I think some people may be missing the reasoning behind why population control is being made more unwieldy.
Currently Stellaris has a lot of mechanics... that players never have to deal with because they can reliably turn them into non-issues and forget those aspects of the game exist. Suppressing factions for example, selectively purging faction/ethically divergent pops, selectively enslaving faction/unhappy pops, tossing all unhappy planet-factions into one sector to reduce the number of factions to suppress.
That's too simple, too abusable.
So to address that, factions are being changed so that you HAVE to interact with them and then deal with the consequences of your interactions, no more one-click problem solvers.
Species-wide slavery and purging is designed so that you can't just cherry-pick dissidents, but actually have to either pacify everyone or fight ethics divergence the old fashioned way. Unrest on planets is being introduced so that revolts WILL (like they logically should) happen under oppressive regimes and the oppressed, impoverished, unhappy pops WILL be less efficient.

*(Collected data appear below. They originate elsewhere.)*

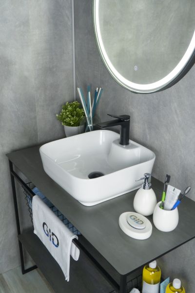 Серия Geometrico с прямоугольной формой: стиль и практичность с испанским качеством и европейскими стандартами. Раковина накладная GiD N9443 - это стильная модель, выполненная из высококачественной мелкопористой керамики с белым глянцевым покрытием, что обеспечивает долговечность и легкость в уходе. Квадратная форма придает ей элегантность и современность, а эргономичная чаша удобна для повседневного использования. Накладная конструкция позволяет легко установить раковину на столешнице, предоставляя дополнительное пространство вокруг. Оснащена отверстием под смеситель, что делает её удобным выбором для современной ванной комнаты.
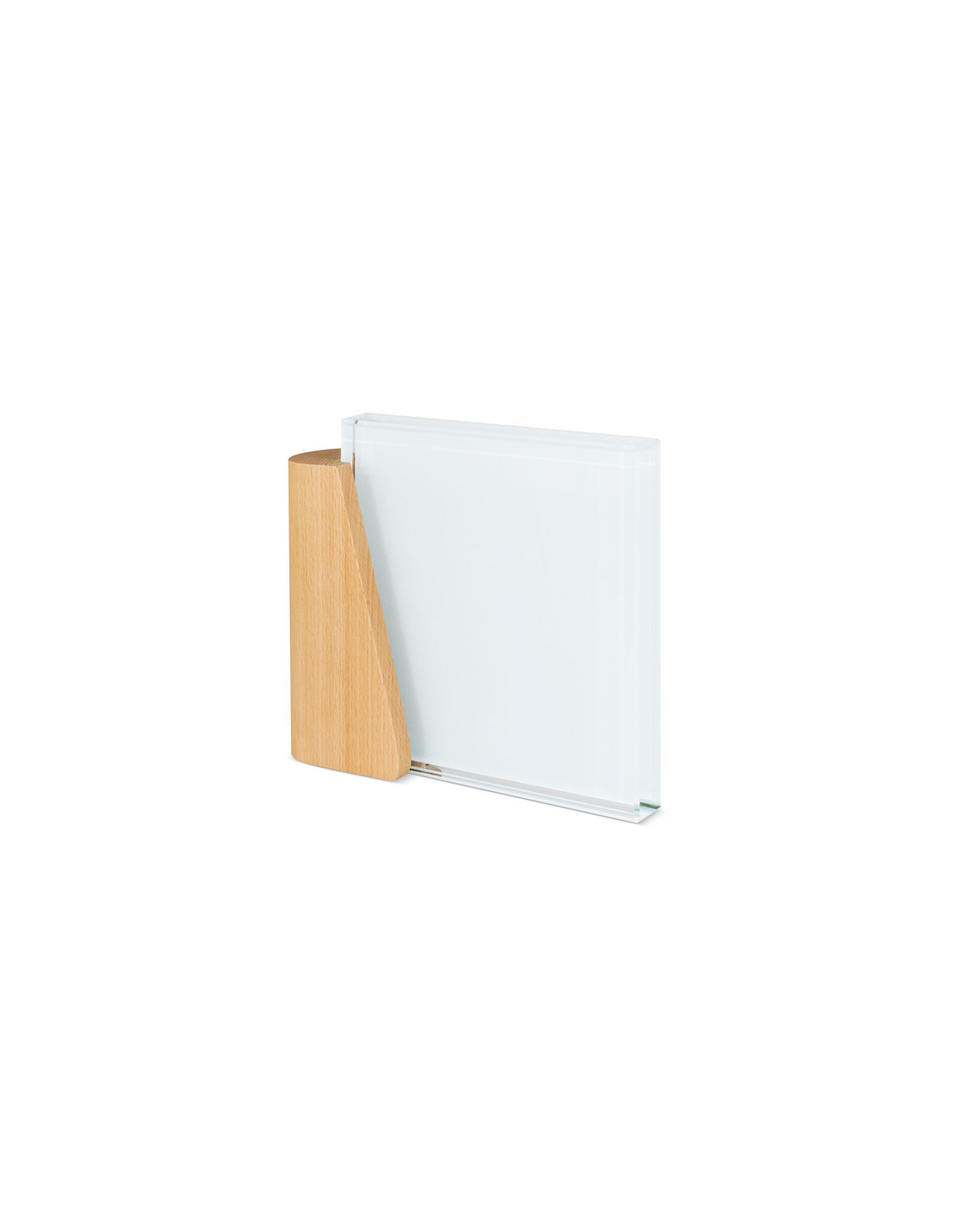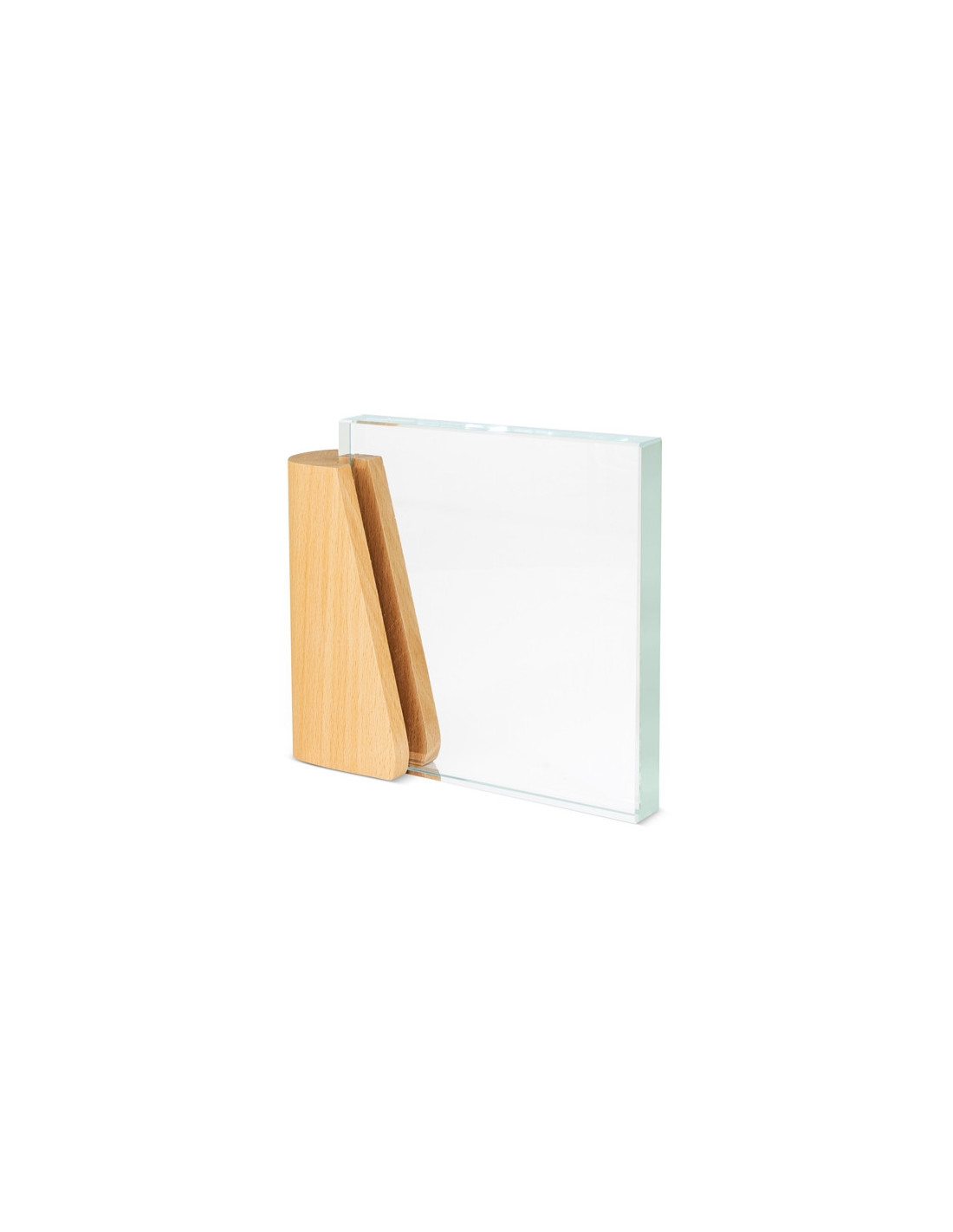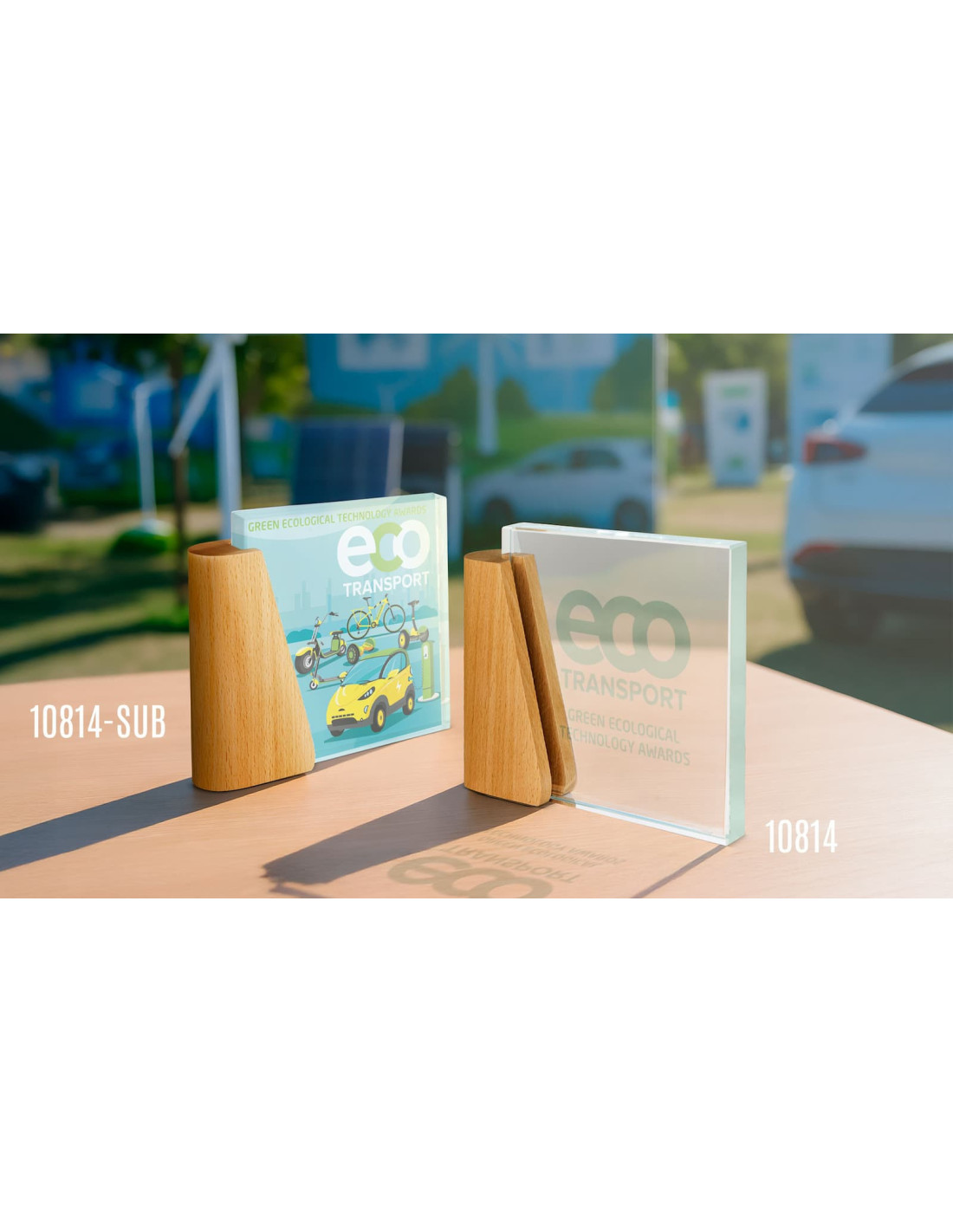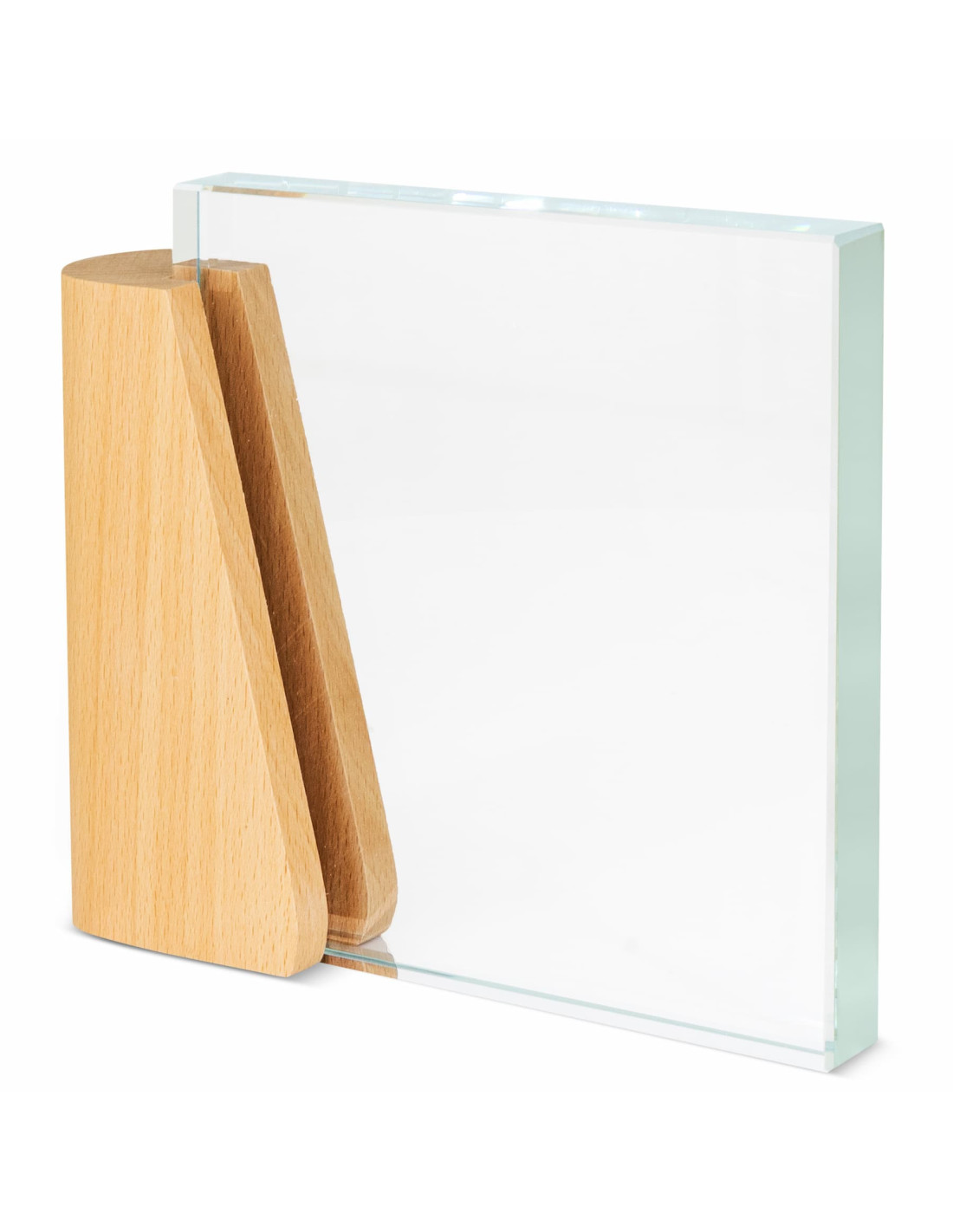 Nuestro trofeo combina cristal y madera en un diseño elegante y contemporáneo. Su base lateral de madera natural sostiene una placa de cristal cuadrada en versión transparente o traslúcida que realza cualquier grabado o logotipo. Ideal para premiar logros profesionales, deportivos o académicos, ofrece una acabado elegante. Viene presentado en un estuche acolchado con cierre imantado, que protege el trofeo con una presentación cuidada. Una opción con estilo para reconocer el esfuerzo y la excelencia.
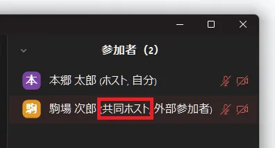 4. 共同ホストの設定が完了しました.必要に応じて共同ホストになっていることを確認することができます.
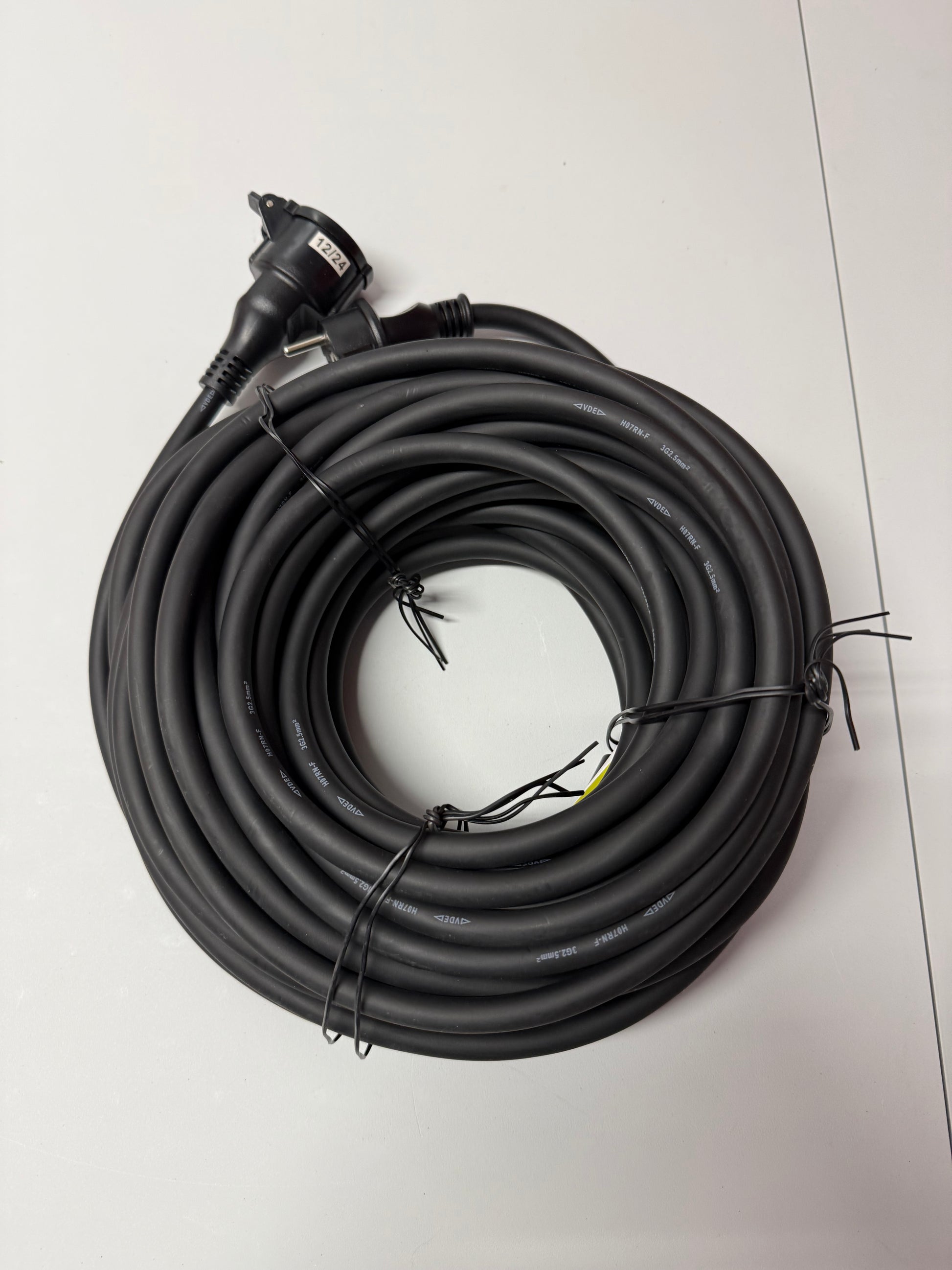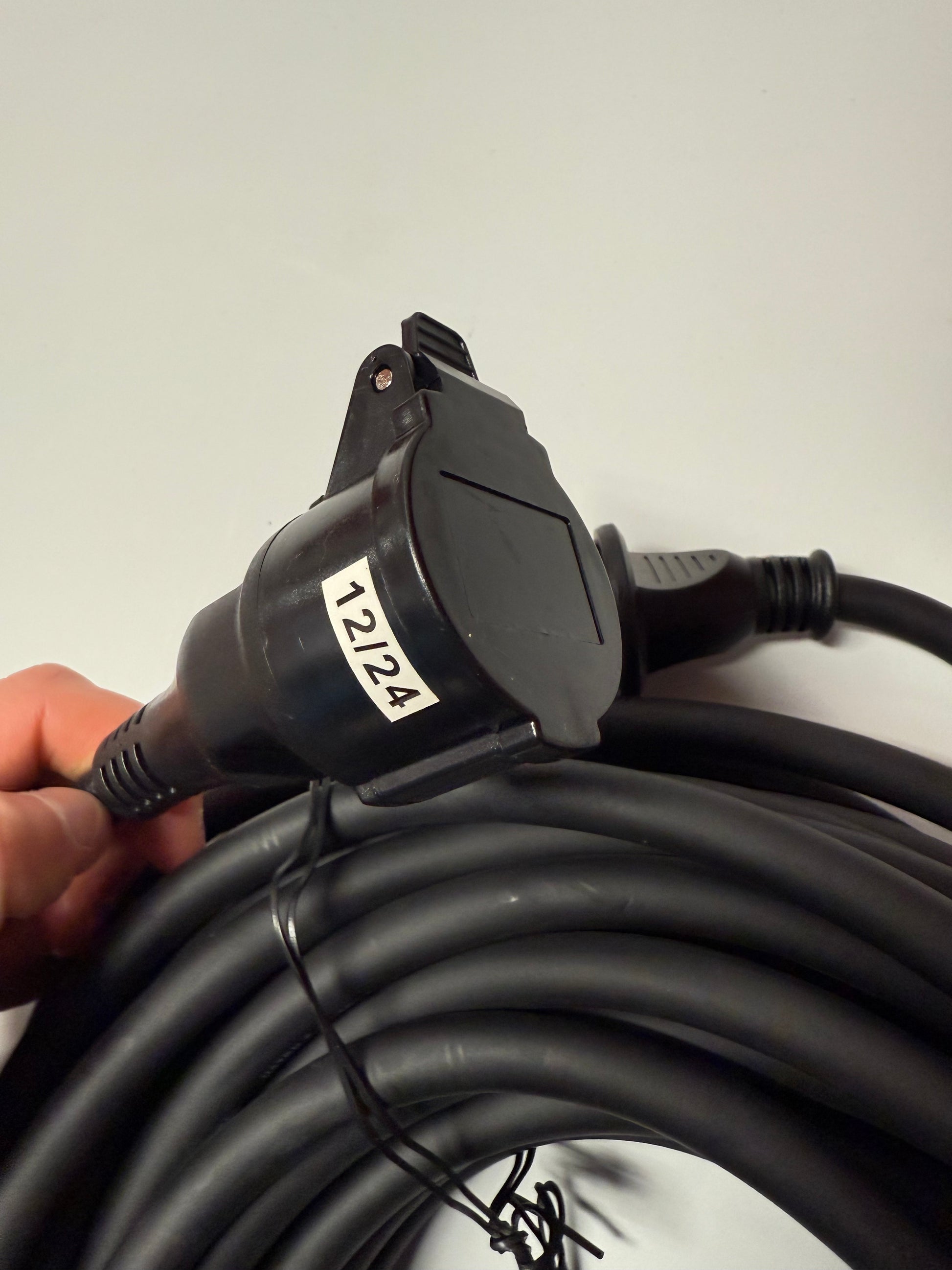 Skjøtekabel for utendørsbruk med jord. 1-veis, med lokk. Kabelen har en lengde på 20 meter. Håndterer opptil 3500W.

If you don't want planets to be unproductive messes constantly on the verge of revolt, don't fill them to the brim with billions of people who despise you. Resettlement will probably be the best way to counteract unrest buildup, but in the end, if you are playing a warmongering empire of slavers and sapient cuisine connoisseurs... you kinda have to live with the consequences of it ^^ Just like all-welcoming egalitarian xenophiles will have to deal with factions, divergence, limited expansion avenues and the sheer expenses of trying to keep everyone happy.
Strategy games are at their most boring when they start to play themselves. Perfectly functioning empires, lack of internal and external threats, complete domination over everything in the galaxy are all lovely power fantasies, but... if it's as effortless as it's now, then the entire charm of the fantasy evaporates.